The thinking behind this was that any such marketing is parasitic on the activities of official advertisers who have paid for the privilege of a connection with the Olympic Games. The result is draconian, since even innocent phrases such as ‘Visit London in 2012’ would be prohibited.
English law already offers considerable protection against misrepresentation and false impression of official endorsement, including copyright, registered trade marks and designs and passing off. In recent years, top UK sporting organisations have been quick to challenge anyone associating themselves with well known sporting events or bodies. Recent examples include: the Football Association’s copyright action to stop unofficial stickers with football club logos; Arsenal’s trade mark action against unofficial merchandise; and Eddie Irvine’s case against a radio station for using a doctored photograph to suggest that he endorsed it.
The House of Lord’s amendments on March 6 enjoyed all-Party support.
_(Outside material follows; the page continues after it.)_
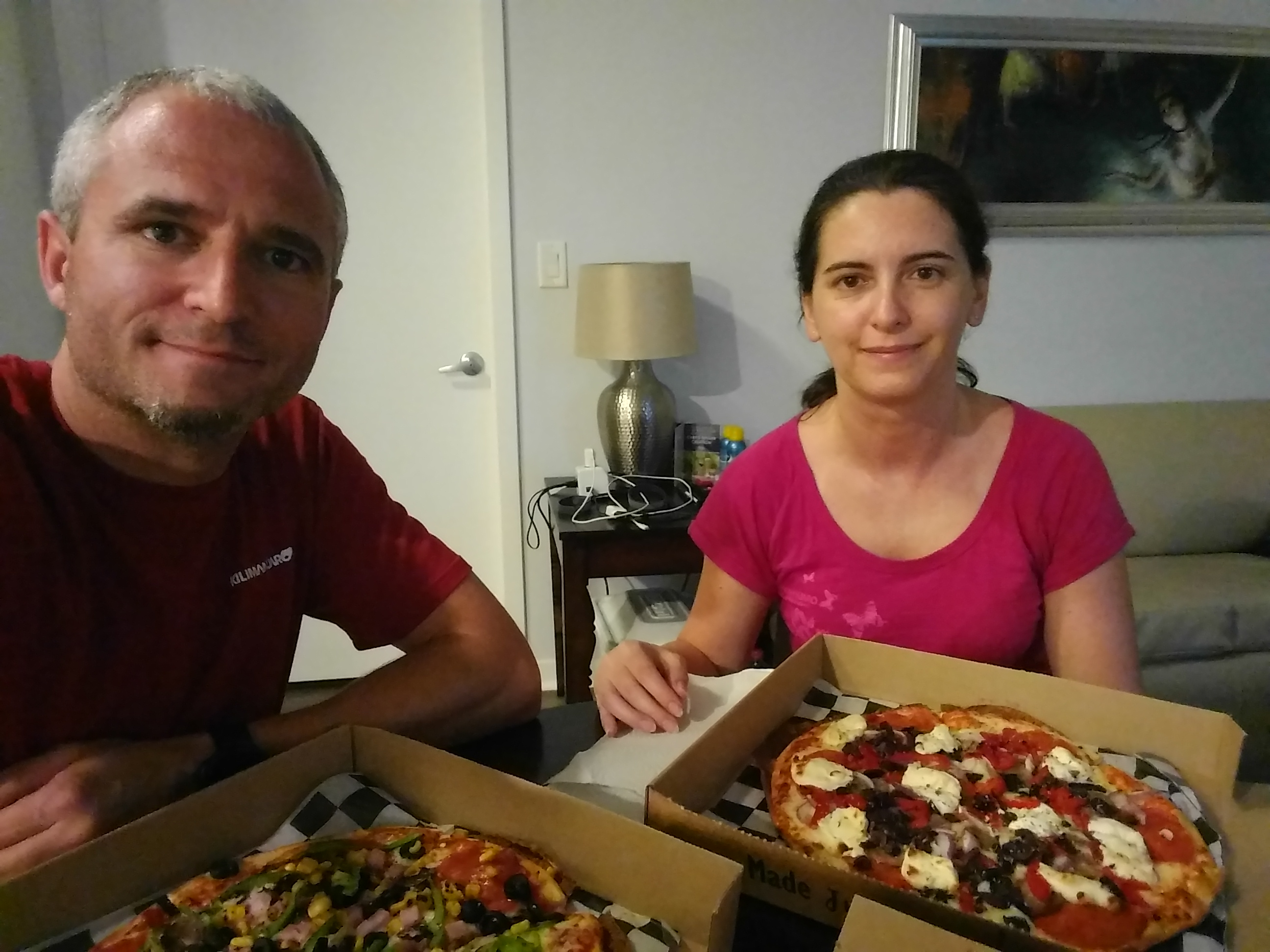 Jetzt wandern wir etwas kaputt zum Parkplatz, nehmen unterwegs noch von der Pizza Press unser Abendessen mit, das wir dann im Hotel verputzen.

The first change is an important one. There had been much concern about the “presumption of guilt”. This has now been amended to provide that, while a court may have regard to whether the list of specific provisions mentioned above have been used in an infringing fashion, there will be no automatic presumption that the law has been broken.
The second amendment places a duty on the Government to consult with the industry before introducing restrictions on the physical location of advertising around Olympic venues. The final change places a similar duty on the Government in respect of any changes it may seek to the list of protected words and expressions contained within the draft Bill. The value and impact of this consultation will have to be seen.
The Bill had its third and final reading in the House of Lords on March 14 and will now return to the House of Commons. The Bill is expected to become law by Easter.